Just boosted my sub to Ultra mode, because I want to drive fast, not be the “mechanic” in the car and race driver analogy – what I noticed on two relatively short horizon requests it fed Claudey 1m tokens, you can see the previous ones on my older limited Pro account they were all around 150k tokens, it’s way more, but they both seem to be over the top in input and output tokens? Actually my own inputs are two lines in English “On this phone number field, can we add validation for US phone numbers so that it puts hyphenation on it or we use Zod and it knows the exact number of digits?” That is Claudey 4 Sonnet not maximus…
I just noticed my usage dash used to say included in ultra and now says unknown. wonder whats up with that
Totally scamming users
has to be a bug. that token usage is not even close to reasonable
The token count here should be correct; the count here includes cached read tokens, which get included based on all prior input tokens at every tool call.
Cached input tokens are 10x cheaper than input tokens. If you hover over the token count, it should give you a breakdown by token type.

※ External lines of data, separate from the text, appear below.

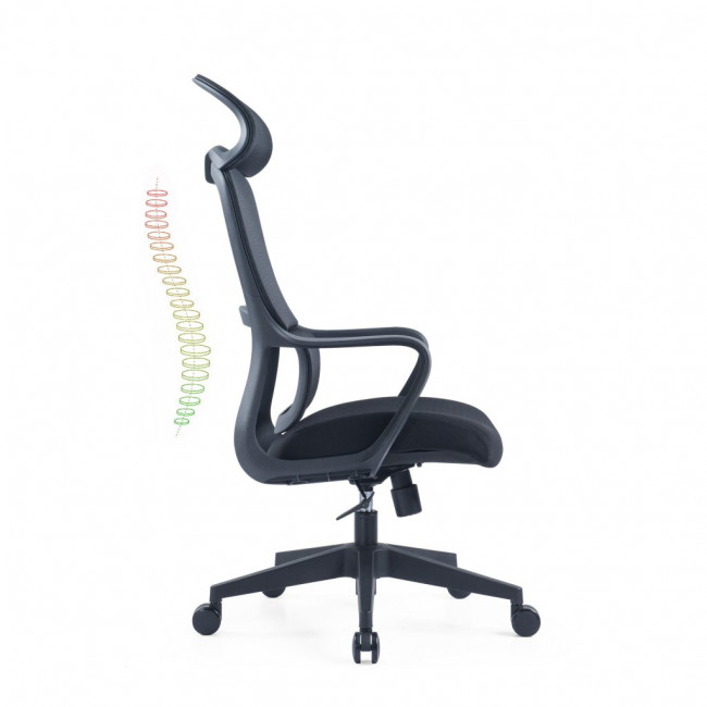 Le dossier en résille, complété par une partie souple dynamique, suit naturellement la courbure de votre dos et contribue à limiter les tensions au niveau des lombaires.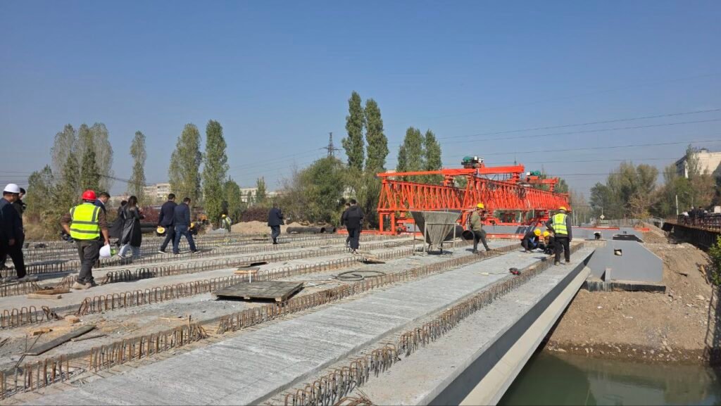 Андан соң Айбек Жунушалиев Ауэзов көчөсүндөгү көпүрөнү оңдоо иштерин текшерди. Ал жерде узундугу 24 метр болгон устундар орнотулууда. Көпүрөнүн жалпы туурасы 24 метрди түзөт, ал эми эки бөлүк кошулганда узундугу 70 метрге жетет. Көчөнүн унаа жүрүүчү бөлүгү төрт тилкеден турат, эки жагына үч метрлик жөө жүргүнчүлөр үчүн тротуарлар салынат.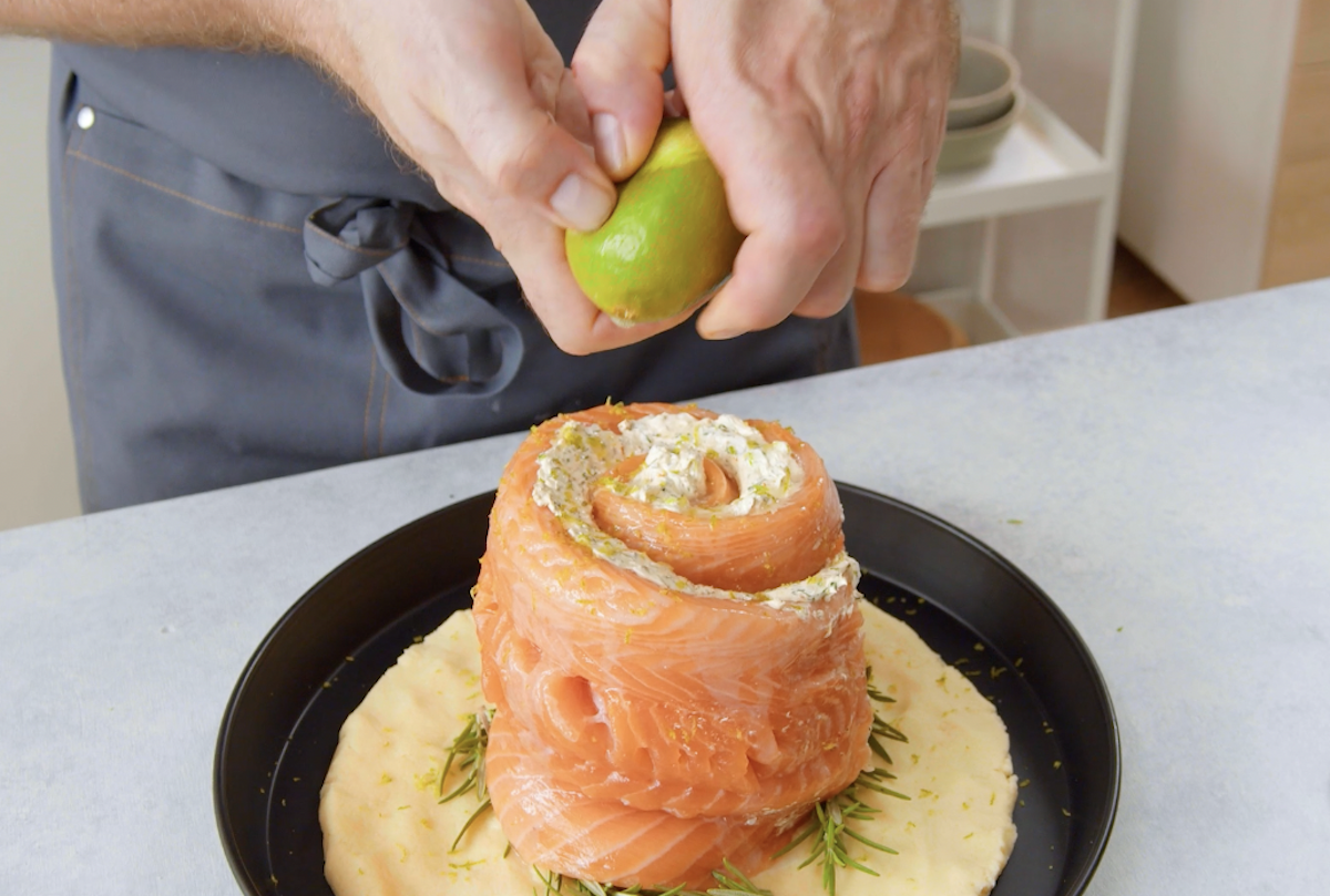 4. Stelle nun die Lachsrolle darauf. Reibe die Schale der Limette und drücke den Saft heraus. Verteile dann beides über der Lachsrolle.

The unknown text is a bug; we’ll get that fixed.
can’t say that was the part that concerned me, but appreciate it
Na token usage has suddenly got pretty wild…..
This is on the same chat, but it was ticking along at 40-50k and then suddenly jumping into the multi millions!??
The longer a chat grows, the more the cache read tokens will grow. E.g. if there are 100k tokens in the chat context, and it makes 10 tool calls, then thats at least 1 million cache read tokens.
Cache read tokens are 10x cheaper than the input tokens though
I feel like this needs to be much more clearly documented. This isthe first response that I see that clearly illustrates what’s happening. You may want to write this in the trending thread where people were asking questions regarding how this happens.
Link to thread in question: Frustrated with Cursor’s Sudden Token Drain and Access Restrictions - #43 by Jaeder
That being said, I don’t really know if every user really wants Cursor to go through millions of tokens just to contextualize their codebase. If you could find ways to truncate context usage, or introduce customization when it comes to having a maximum amount of tokens used per prompt, or stage in the request, that would be great.
I’m sure power users would appreciate having a new useful tool to play around with.
When not using MAX mode, Cursor should intelligently build the final prompt to the AI in a more economic way, which should mean the requests are somewhat uniform in size and therefore are more predictable in their usage!
With MAX enabled, Cursor will quite happily fill the model’s context window which is where things can really add up!
how to disable cached tokens? I want to work the old fashioned way, like March 1st! Maybe you need money, but I also need my money and don’t need your cached tokens.
This is literally an architectural feature of the Chat, which reduces your expenses. If you want to see what happens if you turn it off, use o3-Pro.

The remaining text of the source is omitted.